江氏紙坊穩定下來後。
江臻一連幾天,都是前往陳府,和陳大儒一起梳理承平大典。
“總算是見了些眉目。”陳夫人如釋重負,“這最磨人的梳理算是過了大坎兒,接下來的謄錄倒是不難,翰林院裡多的是簪花妙筆,人人都能寫一手工整館閣體,日夜趕工,總能在年前抄錄出部分上呈給皇上。”
江臻的目光落在那厚重的文稿上,腦子裡浮現的,卻是另一個時空裡,那部命運多舛的,永樂大典。
曠世巨著,天下僅一套正本。
後來曆經艱辛才抄錄了一套副本,而後正本離奇失蹤,副本在戰火、偷盜、愚昧中不斷損毀,最終十不存一。
無數先人心血,文明結晶,就因為複製傳播的極度困難,湮滅在曆史長河之中,成為後人捶胸頓足的憾事。
江臻抬起眼,問道:“先生,若是想將承平大典部分實用之學,廣為傳播,如今大夏朝的印刷可否擔此任?”
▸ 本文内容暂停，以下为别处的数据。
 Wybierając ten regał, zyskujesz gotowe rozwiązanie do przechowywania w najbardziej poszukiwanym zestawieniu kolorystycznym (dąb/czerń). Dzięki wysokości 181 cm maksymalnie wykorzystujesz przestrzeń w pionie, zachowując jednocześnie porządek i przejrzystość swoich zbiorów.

陳望之搖了搖頭:“我朝雖然重文,但於印刷一道,也是……頗為粗陋。”
他拿起一本書,遞給江臻,“這便是如今市麵流通最廣的印本,多為簡單佛經和蒙學。”
江臻接過細看。
字跡雖規整,但筆畫僵硬,大小不一,有些地方墨跡暈染成團,有些地方又淡得幾乎看不清。
版麵擁擠,毫無美感可言。
陳望之歎氣:“如今印刷術,其實仍以手抄為根基,雇請字跡尚可的貧寒書生,將內容工整抄於薄紙上,再反貼於木板上,由工匠依樣刻出陽文反字……一版刻成,分攤下來,成本並不比請人謄抄低多少,唯勝在速度稍快……但也快不了多少。”
江臻的心一點點沉下去。
大夏朝的印刷術竟比她想象中還要原始,對比一下,差不多是她那個時空的唐代早期水平。
看著眼前凝聚了無數人心血的承平大典,再想到它未來可能同樣逃不過被束之高閣的命運,她心中那點因階段性成果帶來的喜悅,消散殆儘。
取而代之的是一種強烈的挑戰欲。
這堵牆,太厚了。
但牆後麵,是文明更廣闊的未來……
屋內正談著。
外頭傳來俞景敘的聲音:“老師,學生家中有事,下午告假,還請老師應允。”
陳大儒和顏悅色:“去吧。”
江臻也站起身:“我家中等會要殺年豬,我得去幫忙燒水,晚些時候,我讓人給先生和夫人送殺豬菜,都是些自家土法做的粗陋吃食,望莫嫌棄。”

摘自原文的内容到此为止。